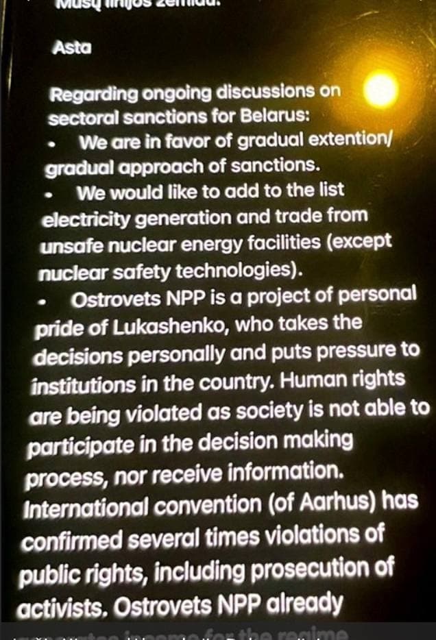 "С санкциями в отношении Белорусской АЭС ситуация очень плохая, потому что опоздали с процедурами. Но в случае с удобрениями мы сначала получим убытки для нашего бизнеса, а потом россияне переймут белорусское предприятие. Попробуем отстоять интересы ЛТ! (…)" - говорится в тексте одного из сообщений.
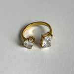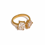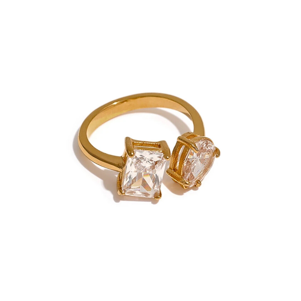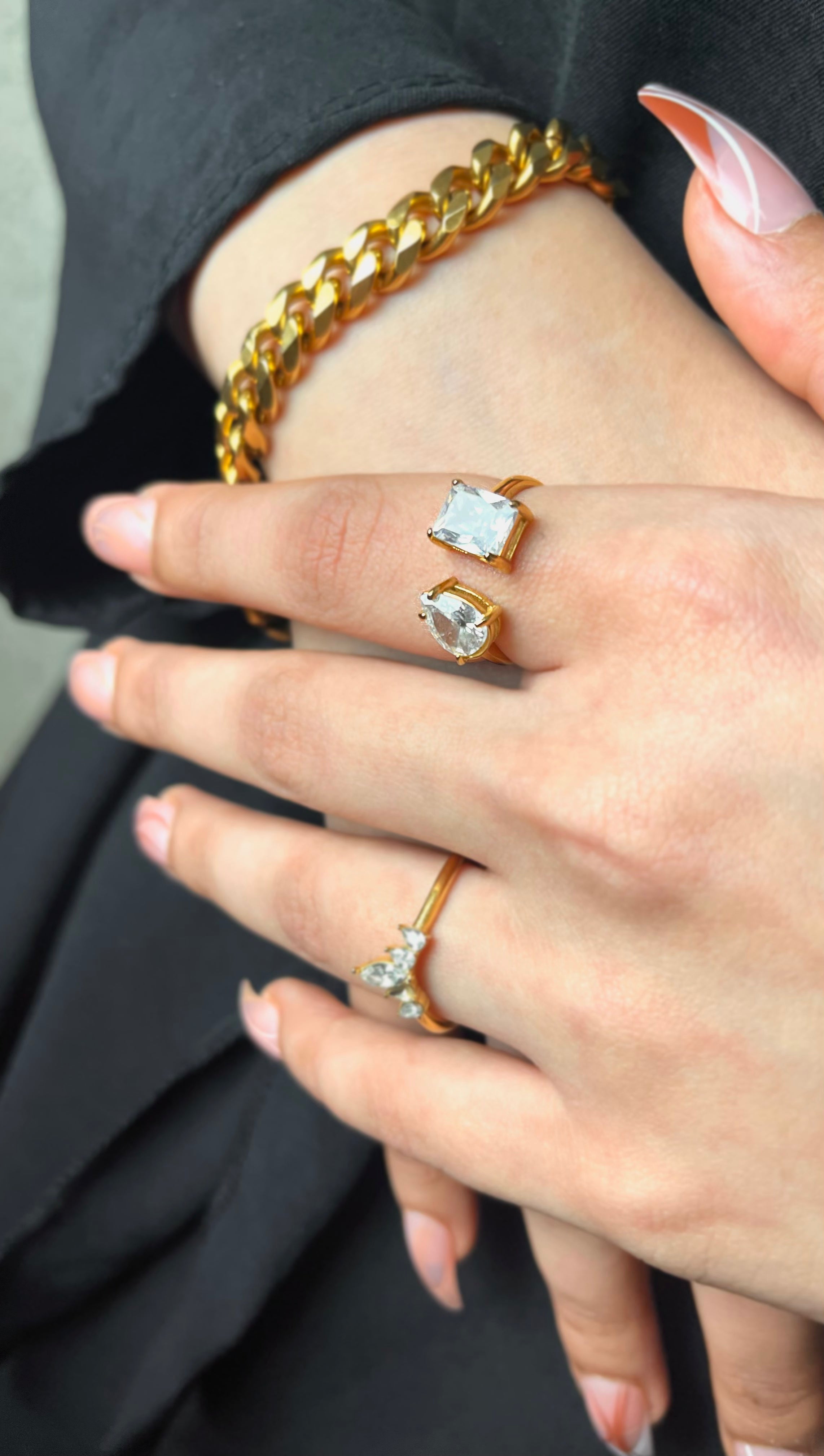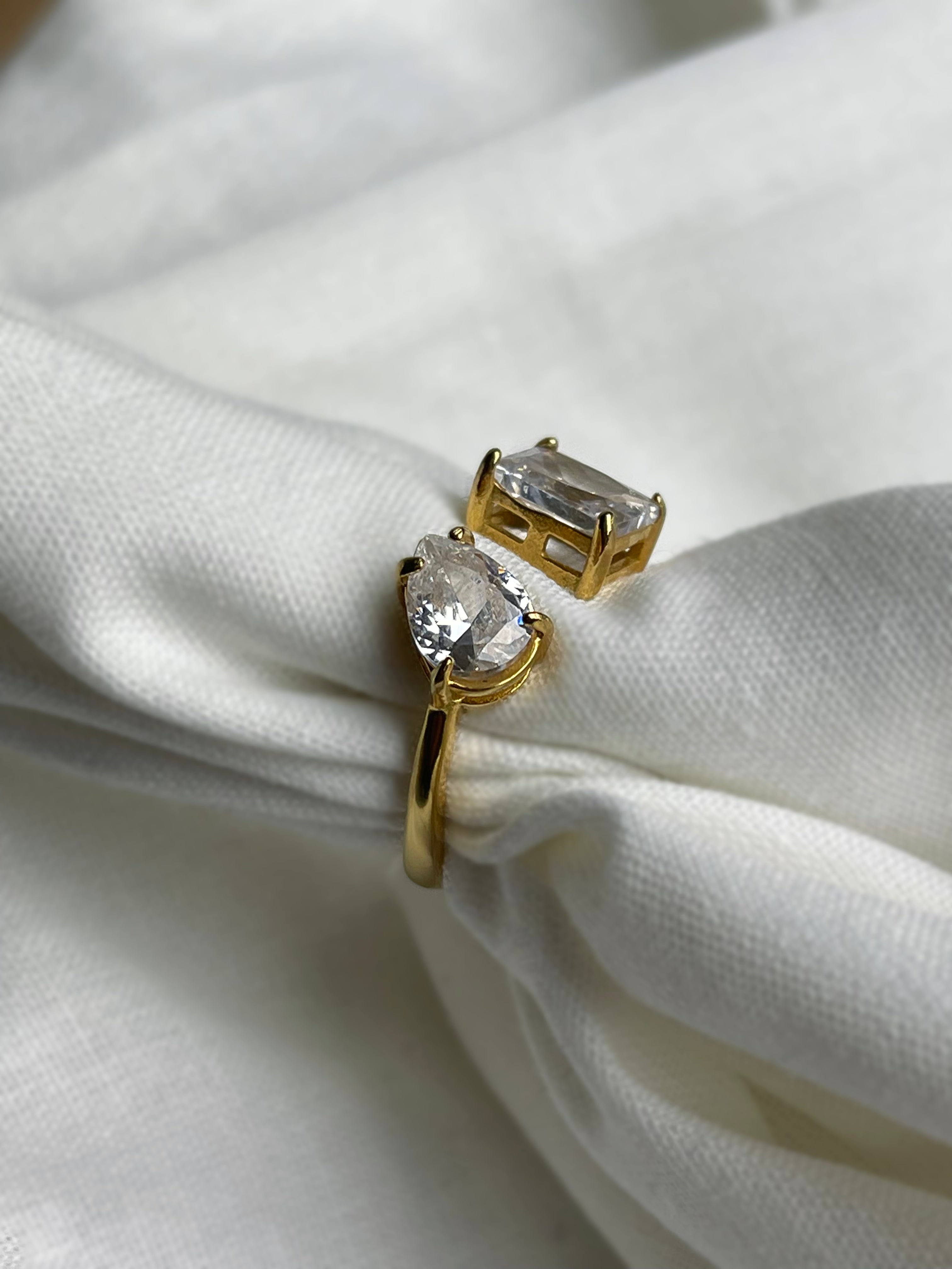 This stunning ring is PVD gold plated making it waterproof and tarnish-free, ensuring that it retains its shine and quality for years to come. The teardrop and rectangular stone are carefully selected for their beauty and brilliance, adding a touch of elegance to any outfit. The adjustable design ensures a perfect fit for any finger size, providing comfort and security throughout the day. Whether you're dressing up for a special occasion or looking to add some sparkle to your everyday look, this ring is the perfect choice. Make a statement with this elegant piece of Jewellery that will have heads turning wherever you go!
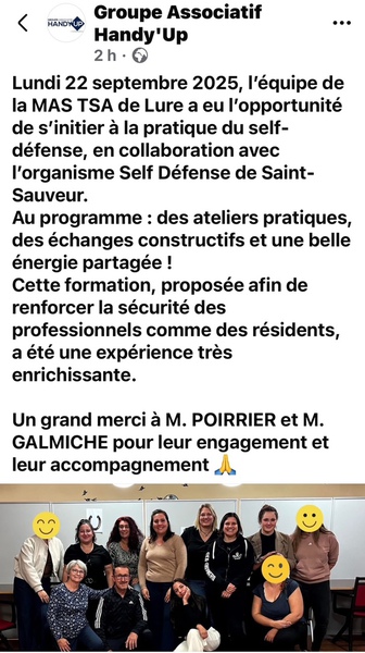 Initiation Self Defense/Auto Defense avec travail adapté pour le personnel de l' Adapei Résidence 70 ( HANDYUP ) de Vesoul , merci à Marc pour l'initiative et l'accueil , à la directrice Madame SADAOUI Wouidesse pour avoir validée cette journée , et aux participants (es) pour leur implication et les échanges précieux .

————————

• Problem to solve
Output all the material exactly. The pictures are to be left out.

• Result
 "С санкциями в отношении Белорусской АЭС ситуация очень плохая, потому что опоздали с процедурами. Но в случае с удобрениями мы сначала получим убытки для нашего бизнеса, а потом россияне переймут белорусское предприятие. Попробуем отстоять интересы ЛТ! (…)" - говорится в тексте одного из сообщений.
 This stunning ring is PVD gold plated making it waterproof and tarnish-free, ensuring that it retains its shine and quality for years to come. The teardrop and rectangular stone are carefully selected for their beauty and brilliance, adding a touch of elegance to any outfit. The adjustable design ensures a perfect fit for any finger size, providing comfort and security throughout the day. Whether you're dressing up for a special occasion or looking to add some sparkle to your everyday look, this ring is the perfect choice. Make a statement with this elegant piece of Jewellery that will have heads turning wherever you go!
 Initiation Self Defense/Auto Defense avec travail adapté pour le personnel de l' Adapei Résidence 70 ( HANDYUP ) de Vesoul , merci à Marc pour l'initiative et l'accueil , à la directrice Madame SADAOUI Wouidesse pour avoir validée cette journée , et aux participants (es) pour leur implication et les échanges précieux .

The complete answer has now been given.